The foregoing description of the invention has been set merely to illustrate the invention and is not intended to be limiting. Since modifications of the disclosed embodiments incorporating the spirit and substance of the invention may occur to a person skilled in the art, the invention should be construed to include everything within the scope of the disclosure.
,CLAIMS:

[Claim 1.] A process for making (R)-(-)-3-(carbamoylmethyl)-5-methyl hexanoic acid comprising the following steps:
i. Adding 4-isobutylpiperidine-2,6-dione (1) to a buffer forming a primary reagent mix;
ii. Adding to the primary reagent mix, an enzyme;
iii. Reacting the reagents to form a reaction mass;
iv. Adding a base to maintain the pH between 6.5-8.5pH throughout the reaction process;
v. Filtering the reaction mass to remove enzyme as solid mass from the filtrate;
vi. Performing solvent extraction to extract the filtrate;
vii. Adjusting the reaction mass pH to acidic by isolating the optically active (R)-(-)-3-(Carbamoylmethyl)- 5-methylhexanoic acid (2)
[Claim 2] The process as claimed in claim 1 wherein the enzyme is a hydrolase enzyme
[Claim 3] The process as claimed in claim 1 wherein the enzyme is added to the reagent mix along with a buffer in the presence of a base forming a final reagent mix
[Claim 4] The process as claimed in claim 1 wherein the solvent extraction is performed by a solvent being ethyl acetate, chloroform, methylenechloride, toluene or methyl-t-butyl ether and wherein the filtrate is Neutralized using hydrochloric acid or the like

[Claim 5] The process as claimed in claim 1 wherein the buffer having an 8 pH is selected from ammonium phosphate buffer or potassium phosphate buffer or mixtures thereof

[Claim 6] The process as claimed in claim 1 wherein the base is 3 M potassium hydroxide solution or such other industrially acceptable base and wherein the base maintains a reaction pH of 6.5 - 8.5ph, preferably 8pH.

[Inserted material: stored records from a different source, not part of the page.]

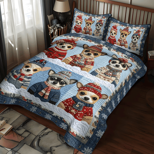 Yuletide Chihuahuas 3-Piece Quilted Bedding Set NCU0TH2055
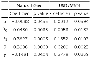 According to the information published by PEMEX, the expansion factor used in the valuation is 2.33 and the investment cost $2.51 billion USD. The valuation period for this analysis is from 2015 to 2020, being January 2015 the investment decision period. The individual TGARCH models estimated to obtain the long-term volatility of both underlying assets are TGARCH (1,1). Results are reported in Table 2, where it can be noted that all the coefficients are statistically significant at a 5% level.
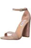 - Ankle-strap sandal in rich leather featuring covered block heel and single toe strap
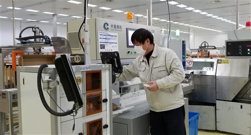 南通烟滤嘴公司生产一线员工戴着口罩专心工作。
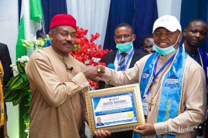Dr. Godwin Maduka, the Umuchukwu-born Harvard trained Medical doctor, triple professor of science and also Accord Party candidate in the forthcoming November 6, 2021 Anambra guber polls together with his running mate, Chief Sir Ken Ifeatu Obi were conferred with the Distinguished Ambassadors for World Peace by the United Nations Organization during the event.
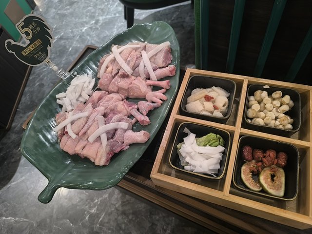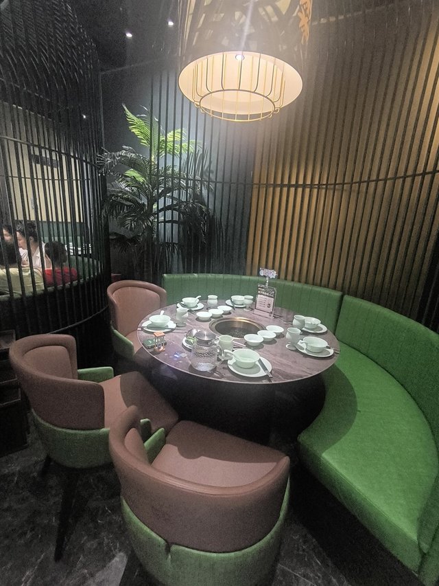 餐廳環境以綠色為主跟餐廳名”四季椰林🌴🌴🥥🥥”好搭配, 而且軟軟的圓形卡座也十分舒服, 一家大細或朋友聚會圍圈坐, 感覺十分熱鬧及溫馨.服務員也有禮貌,態度良好及細心. 上菜時會簡單介紹及提醒先飲一碗椰子雞湯. 我們4大2小~6人選了一個4人餐($355):~ 竹笙馬蹄椰子雞🐔(一隻雞的分量)~火山肥牛🐂 ~ 餐廳將一碟肥牛以雪山裝飾上檯,但是牛肉味道不太濃.~手打黑虎蝦滑🦐 ~ 蝦肉彈牙~伊比利亞黑豬肉🐷 ~ 餐廳將一碟豬肉以雪山裝飾上檯,味道一般.但是都算嫩滑.~鮮活水培菜 ~ 生菜在水種的食之前店員會幫忙剪段根部直接放鍋內煮.~金牌臘味煲仔飯 ~ 臘味飯味香, 有少少飯焦. 脆卜卜😋~風味黑糖茄子 ~ 單單看外表完全看不出是炸茄子, 脆皮外層加上少少黑糖醬(味道不算太甜).另外,再加配以下小食及飲品:~蔬菜拼盤🥬 ($26)~ 除蔬菜外還有幾塊粟米🌽.~鮮珍山菌拼盤🍄🟫($29)~ 有4款不同菌🍄🟫(牛肝菌,雞樅菌,鹿茸菌,绣球菌)~手工脆網蝦卷($19)~ 賣相好似幾好但是味道一般😅~椰青($18)~ 朋友喝清甜~海南鮮榨椰子汁🥥($16)~我覺得味道好好又不太甜😋~海南清補涼($9.9)~ 小朋友喜歡吃總結, 這餐火鍋的海南椰子雞🥥🐔(竹笙馬蹄椰子雞)真是好好味, 性價比算高, 適合一家人及朋友歡聚的好地方.…查看更多

[Claim 7] The process as claimed in claim 1 whereinthe process produces >89% yield of (R)-(-)-3-(carbamoylmethyl)-5-methyl hexanoic acid having optical purity >99%.
[Claim 8] The process as claimed in claim 1 wherein the reaction is carried out over a period of 24 hours – 120 hours, at a pH of 6.5-8.5, at a temperature range of 25?C-45?C,with continuous stirring
[Claim 9] The process as claimed in claim 1 wherein the process further includes:
i. Separating (R)-(-)-3-(Carbamoylmethyl)-5-methylhexanoic acid (2) as the precipitate, by filtering or by other industrially acceptable methods;
ii. Washing the precipitate with chilled water resulting in a wet cake; and
iii. Drying the wet cake under vacuum producing the desired product.

[Claim 10] The process as claimed in claim 1 wherein the process includes Isolating (R)-(-)-3-(Carbamoylmethyl)- 5-methylhexanoic acid (2) at an acidic pH range of 5pH-2pH, preferably 2 pH and wherein such acidic pH is achieved by employing hydrochloric acid, alternatively by sulfuric acid or a mixture thereof.